Он ничего не мог взять, точно кто-то колдовал над ним: женщина, к которой он почти совсем забрался в сумочку, внезапно и резко повернулась, ремешок лопнул, и военный, дотоле читавший спокойно газету, понял – шагнул к Жмакину. Пришлось выпрыгивать из трамвая на полном ходу. В другом трамвае его просто-напросто схватили за руку, он рванулся так, что затрещала материя, и убежал. Потом вытащил из бокового кармана, вместо бумажника, сложенную во много раз клеенку. Потом вытащил бумажник, но без копейки денег. И, наконец, срезал часы, за которые никто не давал больше десяти рублей. Так тянулось изо дня в день. Нервы напряглись – он уже не очень себе доверял. Призрак тюрьмы становился реальным, – Жмакина могли взять в любую минуту.

Однажды на улице он столкнулся, ударился грудью об уполномоченного Окошкина, сломал о его кожаное пальто папиросу и, заметив, что Окошкин узнал его, рванулся во двор. Двор был непростительной, катастрофической оплошностью, ловушкой. Жмакин поднялся на шестой этаж и, понимая, что пропал, попался – длинно позвонил в чью-то неизвестную квартиру. По лестнице уже поднимался Окошкин, сапоги его часто поскрипывали, он бежал. Жмакин все звонил, не отнимая палец от звонка. Дверь отворилась, он отпихнул рукою какую-то крошечную старуху, пробежал по коридору, заставленному вещами, на звук шипящих примусов, очутился на кухне и через черную дверь спустился вниз во двор. Если бы старуха спросила – кто там? – все было бы кончено, он попался бы. Теперь Окошкин был в дураках. Раскачиваясь в шестом номере автобуса, Жмакин представлял себе лицо Окошкина и как он сморкается и встряхивает головой, – это было смешно и приятно.

На углу Невского и улицы Восстания он выскочил.

Этот город был ненавистен ему, он понял это внезапно и очень точно, понял, что город как бы организовался, чтобы его, Жмакина, посадить в тюрьму, послать в лагеря, что эти дома, и улицы, и магазины ему, Жмакину, враждебны, На секунду он уловил даже как бы выражение лица города, смутное, предостерегающее, суровое.
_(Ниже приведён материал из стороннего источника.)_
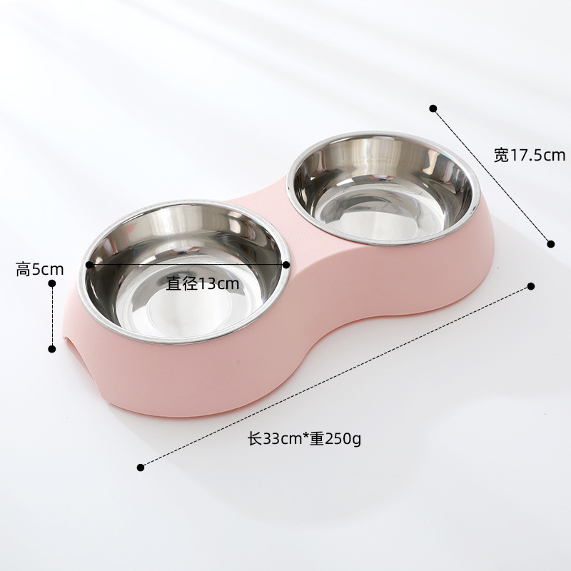 皮皮淘马卡龙色牛皮纹理宠物双碗 INS风椭圆形简约宠物碗

Он потер щеку шерстяной перчаткою и еще поглядел, – все ерунда, город как город, пора пообедать, что ли! Но обедать он не шел, а стоял на морозе возле айсора, чистильщика сапог, и глядел, прищурив глаза, скривив бледное красивое лицо, сжав зубами незакуренную папироску. Был шестой час дня. Уже стемнело, и народ двигался с работы сплошной стеною, город гудел и грохотал. Все разговаривали и смеялись, трамваи трещали звонками, какой-то парень, стоявший дотоле возле парадного, неподалеку от Жмакина, перекинул портфель из руки в руку и сделал движение вперед к румяной девушке в шапке с большим помпоном. Она засмеялась, откинув назад голову и блестя зубами, и точно припала к плечу парня. Он крепко, легко и ловко взял ее под руку. Жмакин видел, как толпа в мгновение проглотила их обоих, даже помпон пропал – ничего не осталось; опять шли люди с портфелями и смеялись, и болтали, а он глядел на них и грыз мундштук папиросы.
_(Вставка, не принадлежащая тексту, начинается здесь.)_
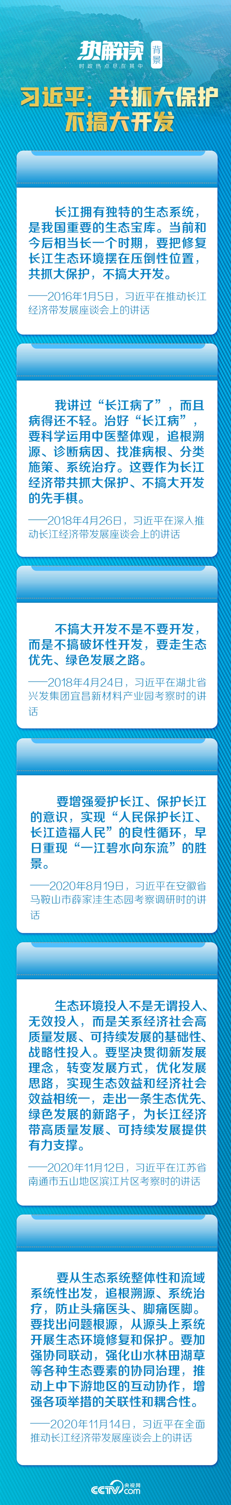 在这次会议上,总书记明确提出“共抓大保护,不搞大开发”,清晰勾画了推动长江经济带“生态优先、绿色发展”的宏伟蓝图。

Потом он поехал в поезде искать комнату, вылез в Лахте и стал стучаться в каждый дом подряд. Был тихий морозный вечер. На шоссе стайками гуляла молодежь. Две гармони не в лад играли марш. Две девушки в платках по самые брови таинственно на него поглядели. Еще одна неумело проехала на лыжах, кокетливо засмеялась, потеряла палку, охнула и, заверещав, упала в канаву. Жмакин помог ей выбраться и спросил про комнату.
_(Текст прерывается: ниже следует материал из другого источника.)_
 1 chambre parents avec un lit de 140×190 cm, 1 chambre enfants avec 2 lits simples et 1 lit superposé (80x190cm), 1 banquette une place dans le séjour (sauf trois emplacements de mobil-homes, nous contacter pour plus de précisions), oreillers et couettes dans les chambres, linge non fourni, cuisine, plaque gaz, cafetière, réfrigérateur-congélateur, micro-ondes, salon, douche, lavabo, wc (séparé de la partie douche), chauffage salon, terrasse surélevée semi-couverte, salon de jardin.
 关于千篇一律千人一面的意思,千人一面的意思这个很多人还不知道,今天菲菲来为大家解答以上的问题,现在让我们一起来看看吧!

– Да вон, Корчмаренки будто сдают, – сказала она, отряхивая снег, – идите сюда по-над забором влево.

Он пошел, невольно подчиняясь маршу, доносившемуся с шоссе, подсвистывая, потирая озябшие уши. Во дворе у Корчмаренко лаял простуженным голосом цепной пес. Жмакин свистнул ему и вдруг заметил, что пес с бородой и борода у него покрылась инеем. Он усмехнулся и, прежде чем стучать, заглянул в окно, незавешенное и иезамерзшее, видимо потому, что была открыта форточка.

Корчмаренки, сидя за большим, покрытым розовой клеенкой столом, пили чай. Кипел самовар. Какой-то парень здесь же что-то читал из маленькой книжечки, все смеялись, даже старуха, сидевшая у самовара, смеялась, закрывая глаза платочком. Сам Корчмаренко, здоровенный всклокоченный детина с пухом в волосах и в бороде, хохотал страшно, потом вдруг замирал, делая несколько даже страдающее лицо, и потом хохотал с новой силой, да еще и бил кулаками по столу…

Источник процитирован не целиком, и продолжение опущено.